The ICO’s much-anticipated draft Direct Marketing Code of Practice just came across our desks. This will replace the Regulator’s Direct Marketing Guidance and will have statutory status once final and published. Adhering to the code will be seen as the measure of your compliance with UK data protection laws. There are many Good Practice Recommendations in the document that should not be ignored unless you have a viable alternative method.
Just now it is still a draft and open for consultation until 4th March 2020
Set out here are a few things that caught our eye from a quick scan. We suspect there will be a lot more hiding in the detail of the 120 pages.
It addresses many of the holes in existing law as well as more advanced marketing techniques such as online behavioural advertising, social media targeting, mobile apps and location-based marketing as well as ICO’s other guidance on lawful bases, profiling, cookies, Data Protection Impact Assessments(DPIAs) and so on.
Indirect Personal data collection & right to be informed
Confirmed in the draft is the requirement of an individual to be informed when you haven’t collected personal data directly from that individual (IE you obtained this from publicly available sources or a bought-in list). It says: You are unlikely to be able to rely on disproportionate effort in situations where you are collecting personal data from various sources to build an extensive profile of an individual’s interests and characteristics for direct marketing purposes
This will present a challenge for some list sellers and lead generators. It goes on to say that if you do not actively tell people about your “invisible processing” you must carry out a DPIA before you start.
This is a big red flag item. The ICO says as it’s unlikely people will anticipate you are doing this or understand what it is. It says: You are not able to enrich the personal data you hold if you and the third-party (where applicable) did not tell individuals about it.
Furthermore, it says purchasing additional contact details for your existing customers is ‘likely’ to be unfair, unless they’ve expressly agreed.
Refer a Friend Campaigns (Viral Marketing)
As you have no direct contact with the people you are instigating an individual to send direct marketing to, it is impossible for you to collect valid consent – Therefore a breach of PECR
Social Media Targeting – List-based Audience
When using “list-based” tools (e.g.
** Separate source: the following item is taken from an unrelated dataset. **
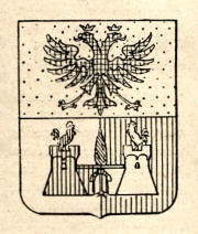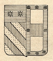 ARMA: Inquartato: nel 1° e nel 4° bandato di rosso e d’oro al capo d’azzurro carico di due stelle di otto raggi d’oro; nel 2° e 3° d’argento alla fascia di rosso con la bordura di azzurro carica di otto rose d’oro: 3, 2, 3.

Facebook custom audiences or LinkedIn contact targeting), where you upload personal data you already have to the platform (a list of email addresses) you must be transparent and clearly inform people about this processing. If the individual has objected to you using their personal data for direct marketing purposes, you cannot use their data to target them on social media, including by using list-based tools
Many organisations may currently rely on Legitimate Interests, especially when using hashed lists. It’s not clear why the ICO believes audience tools would not meet the three-part test.
Social Media Targeting – Lookalikes
The ICO recognises activities to find customers that are similar to yours. The code says that while the social media platform undertakes the processing activities, organisations using these are initiating the activity.
The ICO’s conclusion; The organisation and the platform are joint controllers. Organisations should be satisfied the platform has taken all necessary steps to provide appropriate transparency information to people.
With more than 120 pages to the Code, there’s a lot to take in. It remains to be seen what if any changes emerge following the consultation.